足利義政 (あしかがよしまさ:1436〜1490)
足利義教の次男、足利八代将軍。彼の優柔不断が戦国時代の招来を招いた。
山風版 「室町少年倶楽部」
幼き頃、少年管領細川勝元と共に「いい将軍になる」と誓うが、大人になるにつれ政治に無関心になっていく。

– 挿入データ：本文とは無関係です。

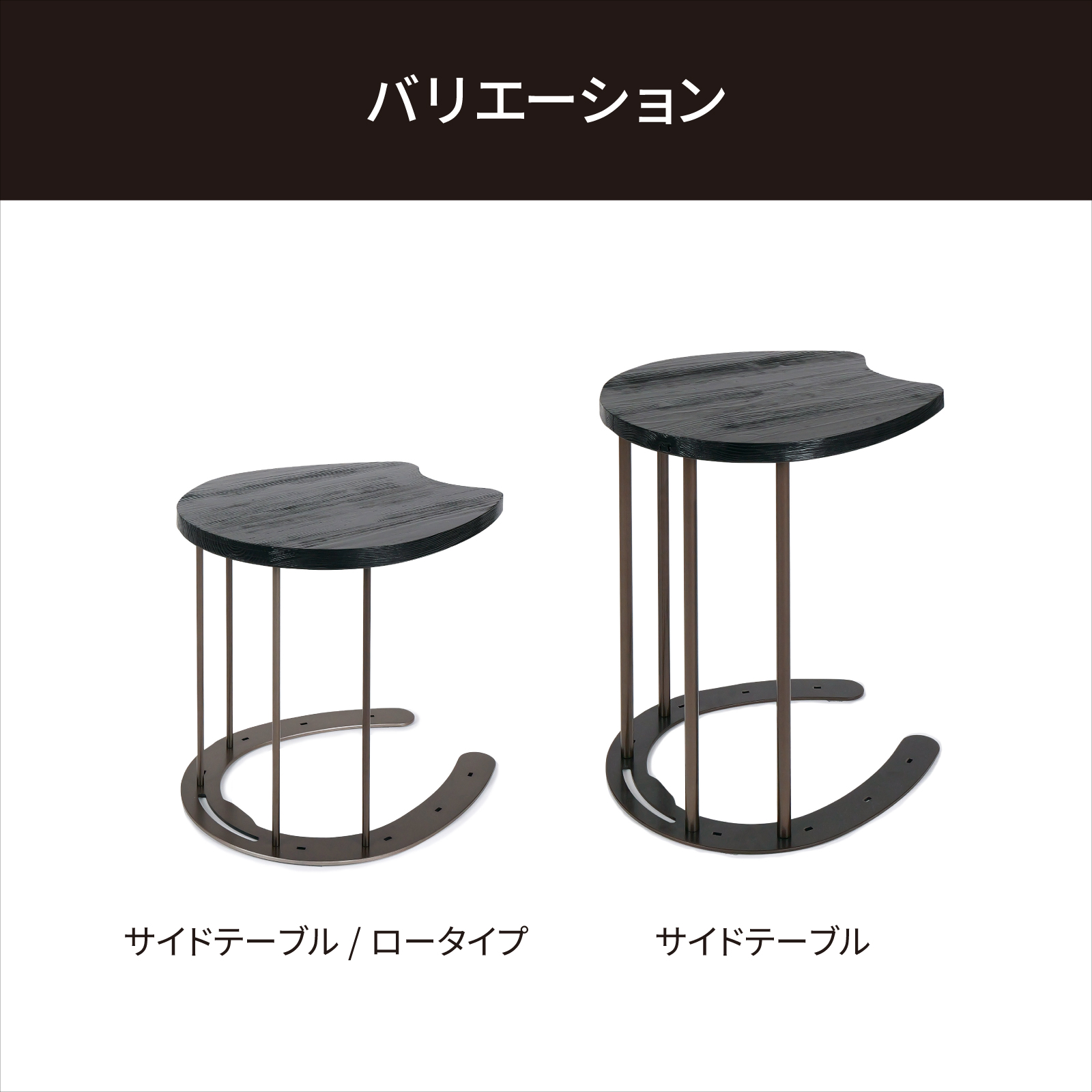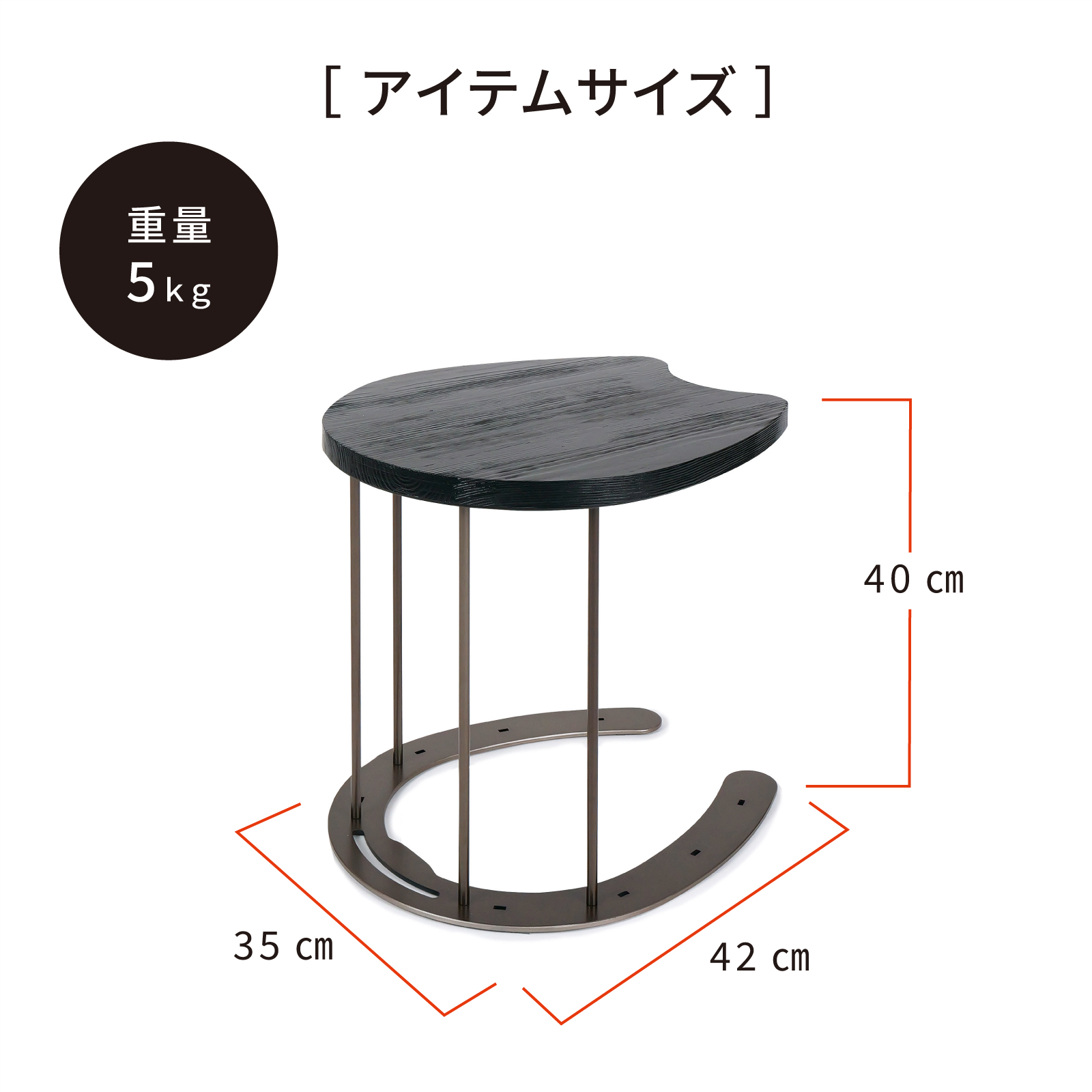 岐阜鉄の匠【国産】サイドテーブル ソファー横 馬蹄 コの字型 ベッド横 高さ40×幅35×奥行42
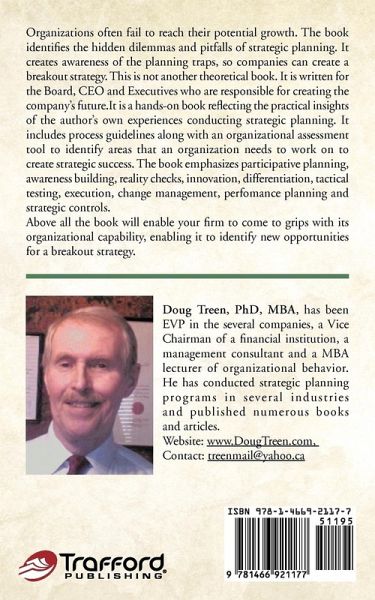 Organizations often fail to reach their potential growth. The book identifies the hidden dilemmas and pitfalls of strategic planning. It creates awareness of the planning traps, so companies can create a breakout strategy. This is not another theoretical book. It is written for the Board, CEO and Executives who are responsible for creating the company's future.It is a hands-on book reflecting the practical insights of the author's own experiences conducting strategic planning. It includes process guidelines along with an organizational assessment tool to identify areas that an organization needs to work on to create strategic success. The book emphasizes participative planning, awareness building, reality checks, innovation, differentiation, tactical testing, execution, change management, perfomance planning and strategic controls. Above all the book will enable your firm to come to grips with its organizational capability, enabling it to identify new opportunities for a breakout strategy.

戦をやっている連中の方が子供じみて狂っていると言い放ち、自分だけが変わらず正気であると豪語する。どちらが正しいのかは置くとしても、時代から浮き上がっているのは確かである。
朝松建 「東山殿御庭」
しうせん(ブランコ)を巡って兄義勝を殺してしまう。そのトラウマから庭園造りに取り付かれ、そこにしうせんを作って思う存分遊んでみたいと望む。
足利義輝 (あしかがよしてる:1536−65)
足利十三代将軍。三好長慶に擁立されるが、松永久秀に討たれる。
山風版 「室町お伽草紙」「海鳴り忍法帖」
上泉伊勢守の弟子と久秀が連れてきた果心居士の弟子とを戦わせる。その時の不用意な約束が久秀の反逆による非業の死を招く。
宮本昌孝 「剣豪将軍義輝」
塚原卜伝を見たことで剣の道に目覚める。回国修行の際に信長と知り合う。また高野山で何物かに襲撃された謙信を救う。松永久秀との暗闘の末に果てる。
足利義昭 (あしかがよしあき:1537−97)
足利十二代義晴の次男。信長に推され十五代将軍となるが、後に対立して京を追われた。
山風版 「忍法死のうは一定」
信長の難敵として果心居士の女陰往生に掛かり廃人となる。